Development on the other hand, was not something that we touched on even remotely in my first four years of university.  As a result, my definition has arisen solely from the education I've received during my masters here at the University of Queensland and how that knowledge has made me look at my own experiences and the world around me.  To begin with, I define development as a change or evolution from one state of being to another.  In the context of countries, I see it as encompassing a number of factors including infrastructure, economic stability, growth and GDP, security, the distribution of wealth, standard of living, freedom, respect for human rights, social security and all that those entail.

This definition is likely closest to development as a “multi-dimensional process involving reorganization and reorientation of entire economic AND social system”.
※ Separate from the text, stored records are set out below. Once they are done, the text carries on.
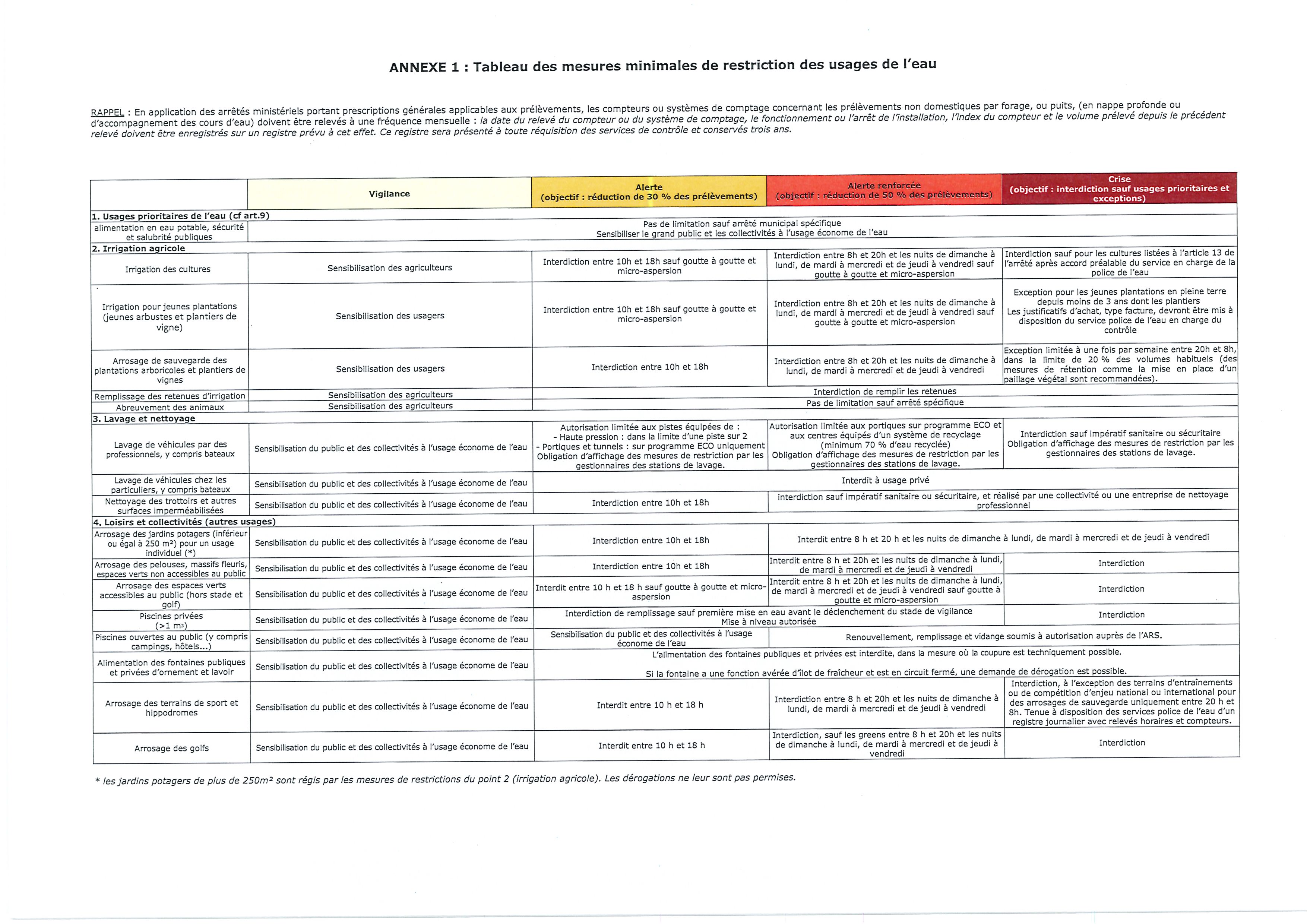 - les interdictions supplémentaires concernent les horaires d’arrosage (entre 8 h 00 et 20 h 00 et une nuit sur deux) et l’interdiction d’arrosage des pelouses non accessibles au public.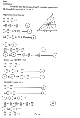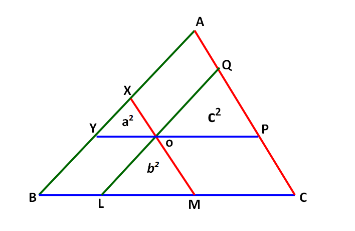 In the adjoining figure, the lines LQ, YP and XM have been drawn parallel to the sides AB, BC and AC respectively through the point ‘O’ lying inside ΔABC. If the areas of Δ OXY , Δ OLM and Δ OPQ are a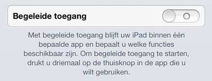 Apple heeft daar nu een oplossing voor gevonden: “begeleide toegang”. In iOS 6 is het nu mogelijk om de toegang tot sommige opties/onderdelen te beperken. Zo kan de homeknop op de iPad worden uitgeschakeld. Heel erg handig! Nu kan je kind niet meer per ongeluk op de knop drukken en uit de app gaan, of van app wisselen als dat niet de bedoeling is. Ideaal in een klassituatie waarin een kind een app krijgt om te leren en hij niet even snel naar een ander spelletje kan schakelen zonder dat de juf het ziet. Het roteren kan vergrendeld worden binnen een app, zonder dat de zijknop die voor geluid bedoeld is op rotatie vergrendeling gezet hoeft te worden. Daardoor is het probleem, dat mensen ineens apps zonder geluid hebben, opgelost.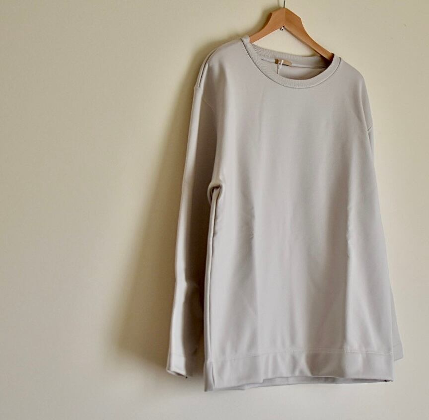 定番的ないわゆるスウェットではなく袖口、裾口のリブを無くし、全体を3本針ステッチで仕上げ、表面には光沢感を持たせたジャージ風裏毛。 ポリエステル55%コットン45%のふくらみのある裏毛組織で編み立ててで伸縮性の加わったリラックス感のある裏毛素材です。斜めの畝のあるカルゼ調の表情が綺麗な見え方のする大人モダンなスウェットです。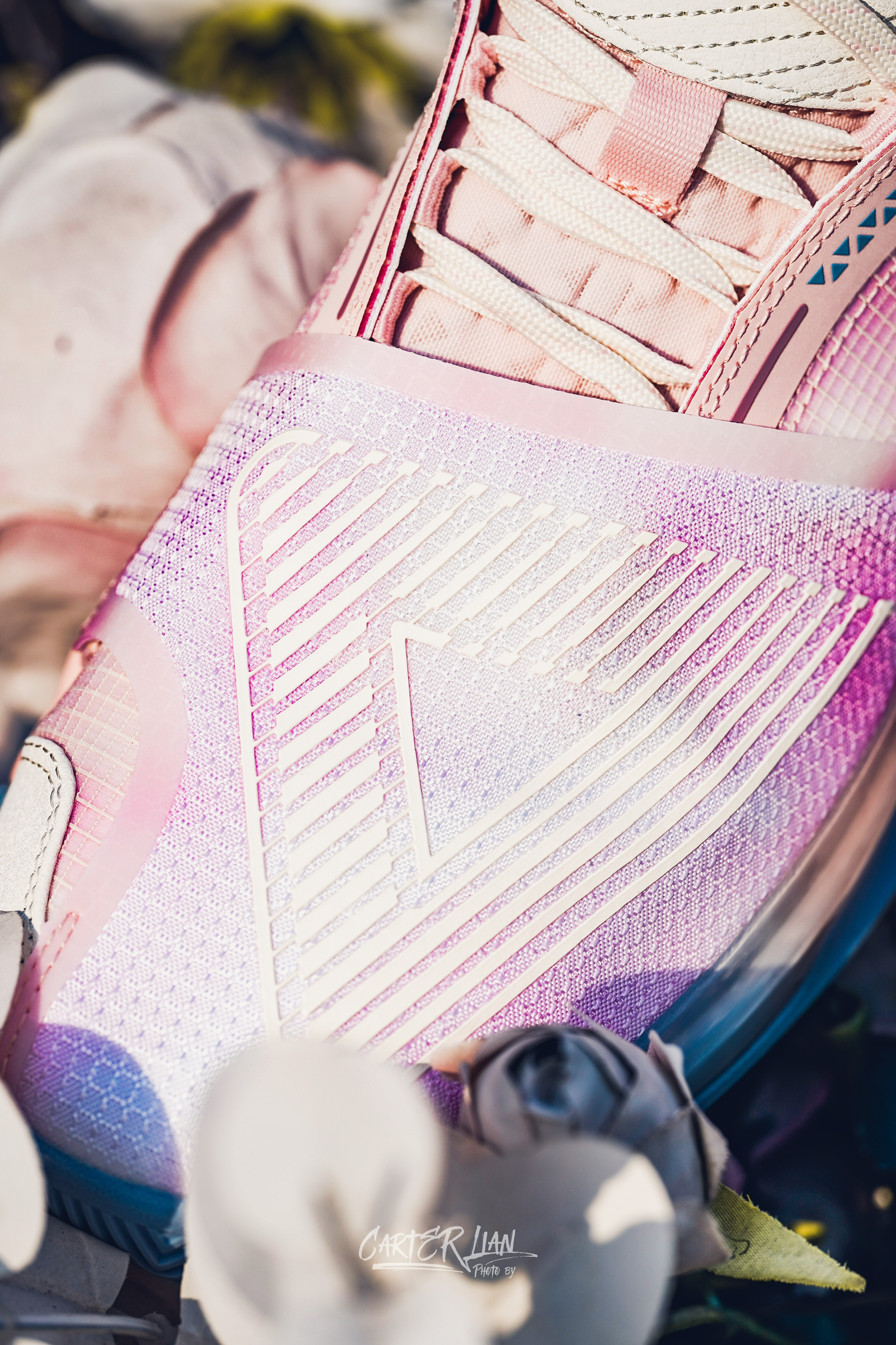 之前匹克已经给李月汝推出了3D打印的态极大三角而这次推出的云之梦,设计灵感来自于李月汝出国征战,作为女篮球员背负使命和理想到国际赛场打拼,希望她能越攀越高,一直抵达云端实现梦想。 整体细节👀:整体鞋面上采用了扎染色来表达柔软的天空。渐变的TPU条和鞋面的扎染配色真的非常的好看。后跟织唛上有ATTITUDE的字样。 科技配置:鞋面搭配前掌Surface包裹系统,加上鞋面这块三角镂空的支持不强,降...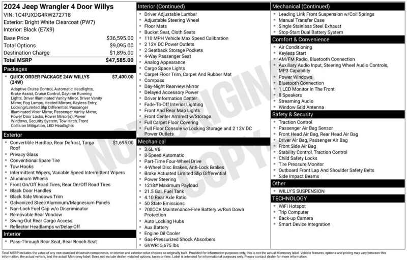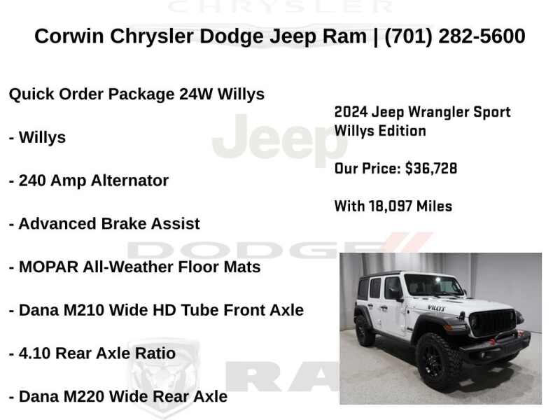 WELCOME TO DECEMBER AT CORWIN CHRYSLER DODGE JEEP RAM OF FARGO!! WE HAVE GREAT SAVINGS ON ALL OF OUR PRE-OWNED VEHICLES AVAILABLE!! WE HAVE ONE OF THE LARGEST SELECTION OF INVENTORIES IN OUR AREA AT ONE SINGLE LOCATION!! Priced below KBB Fair Purchase Price! Bright White Clearcoat 2024 Jeep Wrangler Willys FACTORY CERTIFIED 4D Sport Utility 4WD 3.6L V6 24V VVT Certified.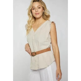 Dámská mušelínová halenka z měkké bavlněné tkaniny. Halenka visela na širokých ramínkách s volánky a výstřihem do V. Halenka se zapíná na knoflíky. Tento model bude skvěle fungovat téměř v jakékoli stylizaci. Modelka na obrázku je 177 cm vysoká a má velikost 36.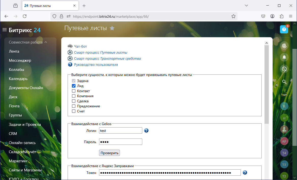 Приложение создает в среде Битрикс24 смарт-процессы Путевые листы и Транспортные средства.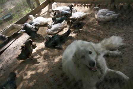 Spenser, one of our Great Pyrs, bonding with a group of adopted Muscovy and Mallard ducks.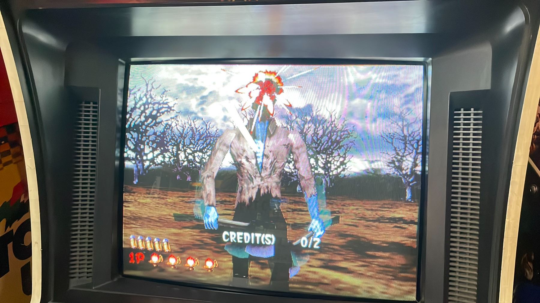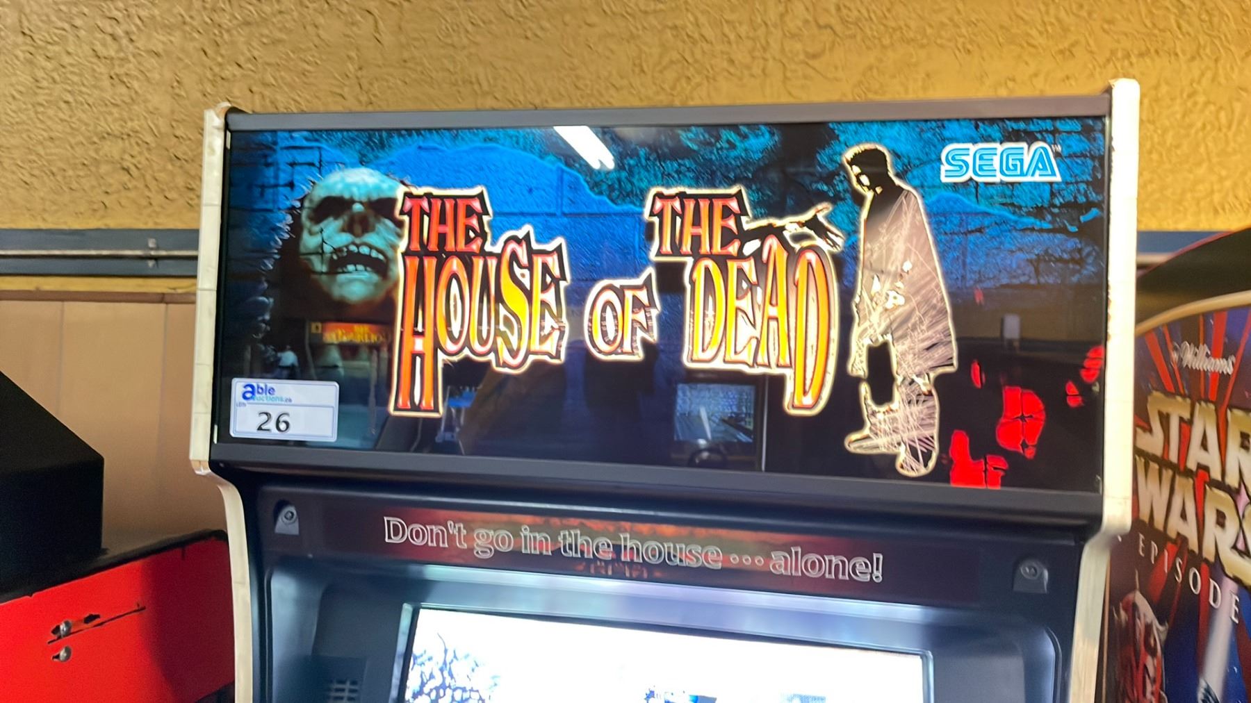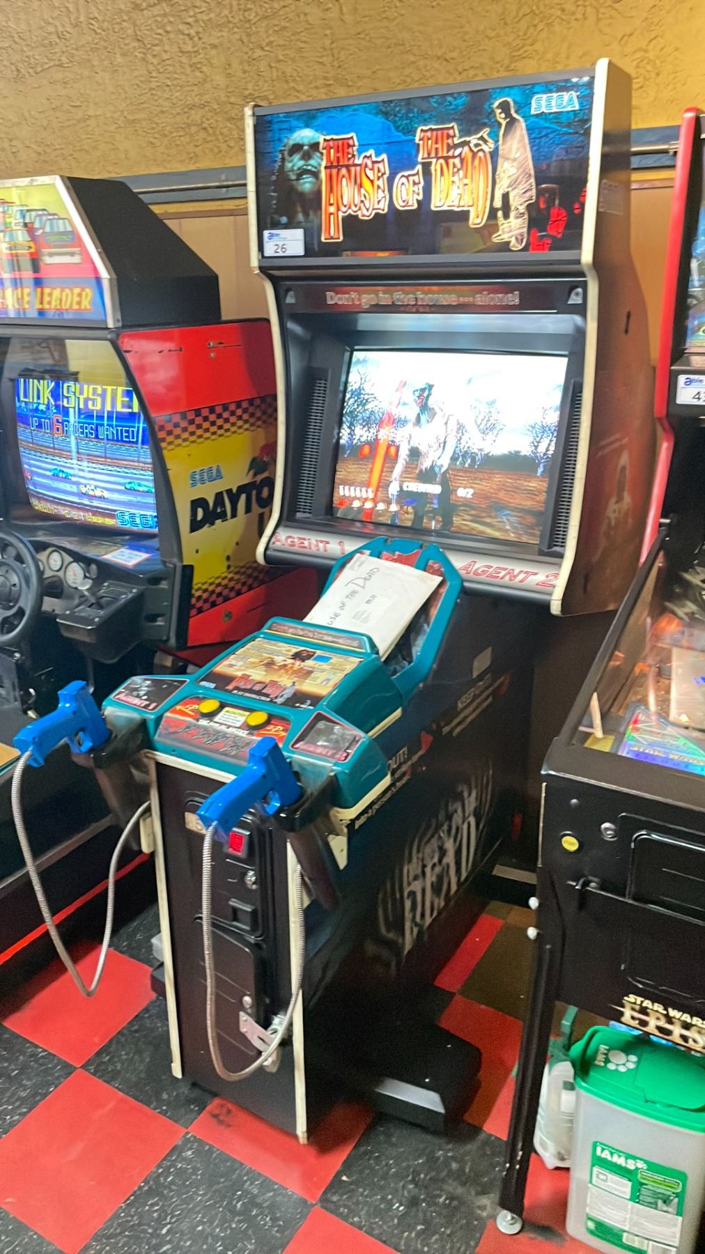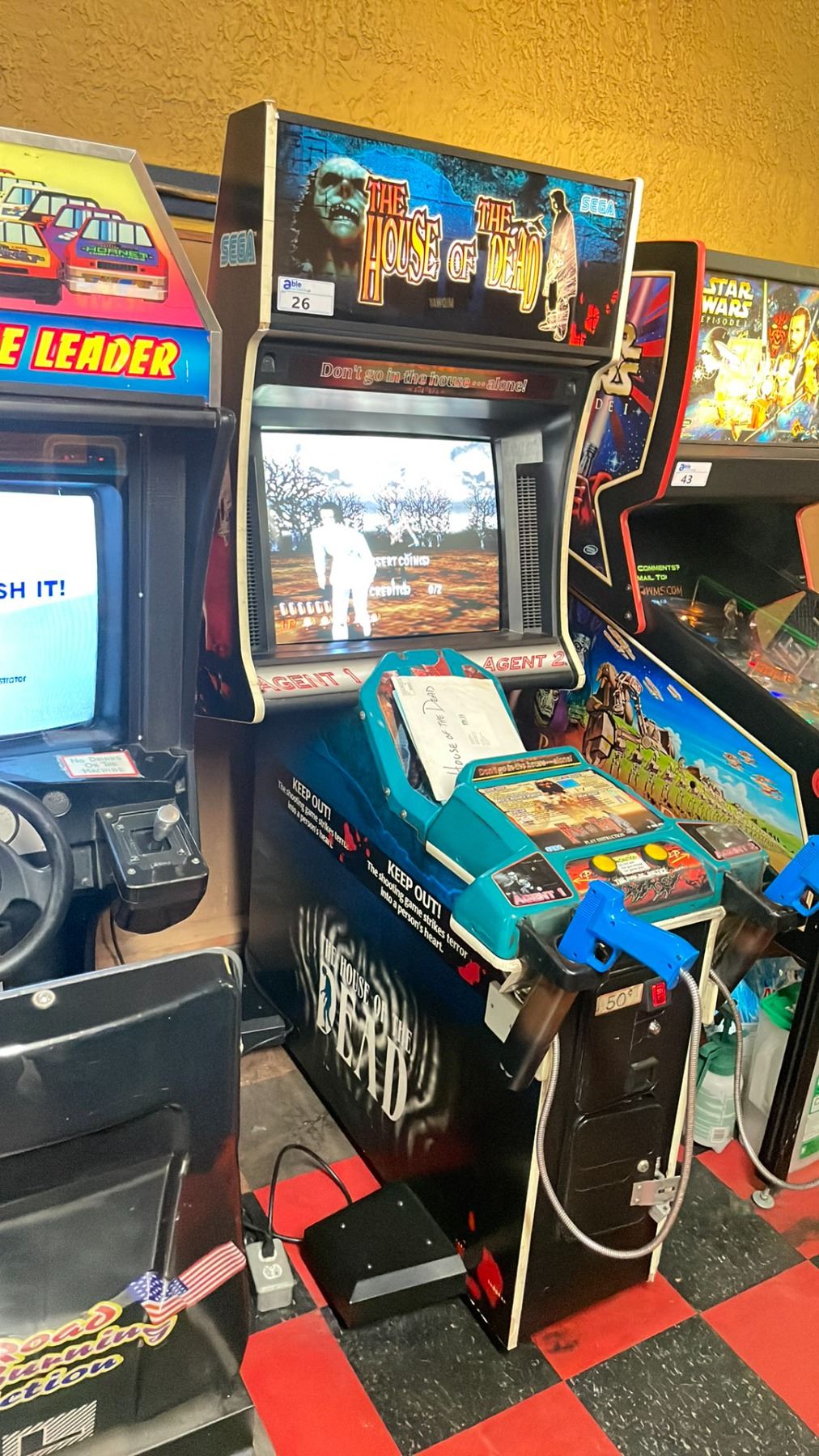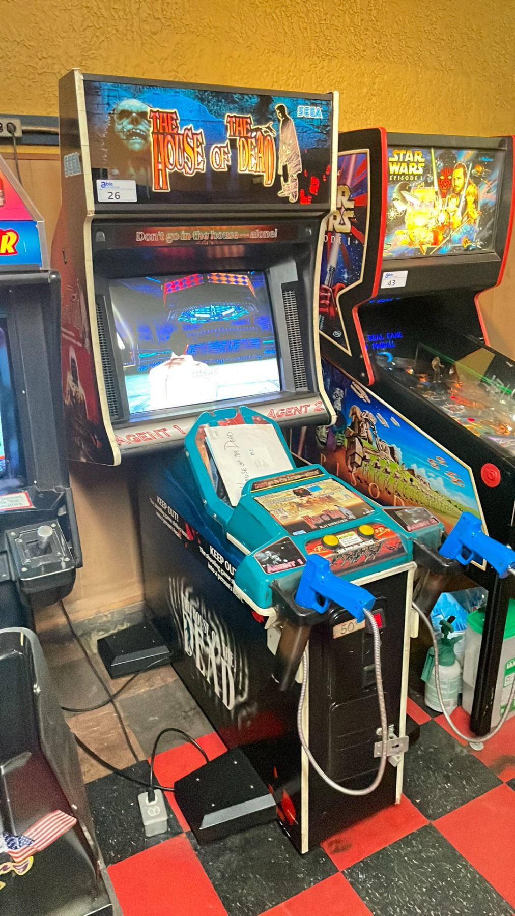 SEGA THE HOUSE OF THE DEAD 2 PERSON COIN OPERATED UPRIGHT SHOOTER ARCADE GAME IN STOCK CABINET WITH MANUALS

So what do my opinions on health and development say about me?  Hopefully they speak to a broad understanding of these terms far beyond the narrow labels of "sick" or "not sick" and "developed" or "not developed".   I've lived, been ill and gone to school/worked in four very different countries, three of them developed (Canada, Italy and Australia) and one not (Uganda).  Comparing those experiences has helped me to recognize that health and development are just general concepts that are actually made up of many smaller factors, most of which we don't notice until circumstances change.  For example, I don't often think about how nice it is to breathe in and out through my nose until I get a head cold.  Then suddenly accomplishing even the easiest of tasks become more difficult, all because of that one small problem.

Health and development are also very subjective states.  For instance, someone with a particular condition may feel well despite being viewed as unwell by others and society (and vice versa).  In a similar respect, low income countries are often at comparatively different stages of development.  So at which point is a country considered developed?  What does it mean to be truly healthy?  How are these things measured and who decides at what point the scale tips?  Those designations are largely given out by bodies such as the United Nations, the World Health Organization (WHO) and the World Bank.  But, in many ways, health and development are in the eyes of the beholder.

As if health and development weren't complex enough on their own, they also have a very complicated interdependent relationship.  I'm truly looking forward to delving deeper into these issues throughout the course of this semester and documenting what I learn in these posts.